The challenge was to come up with a series of experiments to show that this was true, which I achieved in the following way. (1) I demonstrated using NMR that the 4E-BPs could bind to their target, a translation factor, starting from the unfolded state and remaining mostly unfolded when bound. (2) I showed that a short peptide corresponding to the binding region of the 4E-BPs could bind to the target and did so in a similar way to the full length proteins. (3) I showed that the same peptide inhibited translation in our assays, like the full length proteins.

Outcome:

This work was published in the journal Biochemistry. We now know that many proteins, perhaps as many as 30% in humans, do not require folded structure for their activity.

Background:

Globalization has become an essential component of business growth strategies for many companies across many industries.

The drivers for globalization are multifaceted and complex.  Three key reasons for globalization are to open new markets, allow organizations to take advantage of huge talent pools, and diversify geographical risk.

For organizations making the transition to a global mind-set it is a major challenge to maintain their own growth trajectory and at the same time develop globalization skills through off shoring and/or developing partnerships.

Problem: 

Despite my organization’s lack of global, our task was to engineer a complex platform product with multiple electrical and subsystem components.

We were required to maintain quality, reduce cost, maintain schedule and meet all worldwide agency approval expected for enterprise class products.

Project Framework:

Our organization’s globalization strategy included establishing an offshore facility. It also meant developing third party engineering and manufacturing partners around the world.

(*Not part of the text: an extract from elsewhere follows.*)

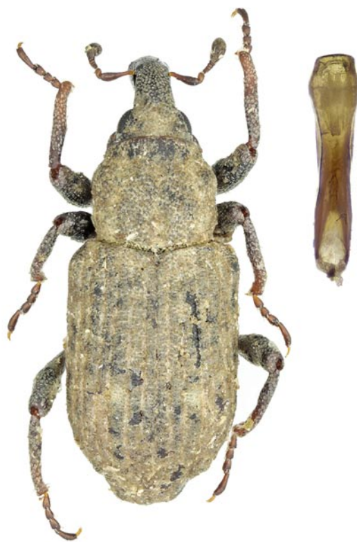
Obr. 3. Bagous brevis Gyllenhal, 1836 – habitus dorzálně, aedeagus ventrálně. Finland: Luumäki.

Vzácný a málo známý panonský druh z blízkého příbuzenstva B. brevis Gyllenhal, 1836 (Obr. 3; rozlišení obou druhů je uvedeno na konci komentáře), hlášený dosud pouze z Maďarska, Rakouska a Srbska (CALDARA 2013b). V Maďarsku byl B. lothari sbírán zřejmě pouze na světlo (A. Podlussány, pers. comm.). Oba nové nálezy na Slovensku byly učiněny na vzájemně podobných biotopech, které jsou entomologicky zpravidla opomíjeny – okraje polí na zasolených půdách, které byly v jarních měsících pravděpodobně silně podmáčené, zůstaly neoseté a s poklesem vody se zde vytvořily slané úhory, které rychle osídlily některé pionýrské rostliny (např. Juncus bufonius , Lythrum hyssopifolia , Veronica sp. a další) (Obr. 4). Živná rostlina nosatce je dosud neznáma. Pro zmíněný příbuzný druh B. brevis je uváděna vazba na prskyňník plamének ( Ranunculus flammula ) (DIECKMANN 1983). Na lokalitě u Jurského Chlmu byla však většina kusů B. lothari sebrána večerním a nočním osmykem sítiny žabí ( Juncus bufonius ), na které byl také přímo v místě nálezu v červnu odchycen 1 ex. exofágní larvy rodu Bagous . Příslušnost larvy ke druhu B. lothari se však kvůli jejímu uhynutí nepodařilo potvrdit a nabízené vyřešení otázky živné rostliny pak dále zkomplikovalo zjištění na stejné lokalitě dalšího příbuzného druhu B. lutulosus (Gyllenhal,

Given that our organization was not experienced in these types of engagements; we needed changes in culture, communication, attitude, and processes.

As manager of this development effort, I sought and received buy-in to a new program plan required to support this global initiative.

We received buy-in from management, key functional groups, and global development partners.  We also worked closely with internal and external cross functional teams to identify and resolve issues quickly.

We engaged and involved our external partners at key decision points and involved them with planning and logistics when possible.

Outcome:

At the completion of the project, a completed platform product was delivered to the company.

Our organization had completed its first globally engineered program, the offshore team had established themselves and our design partner was able to boast of a completing a difficult program working for a demanding customer.

Further, the platform’s quality, reliability and cost had met or exceeded customer expectations.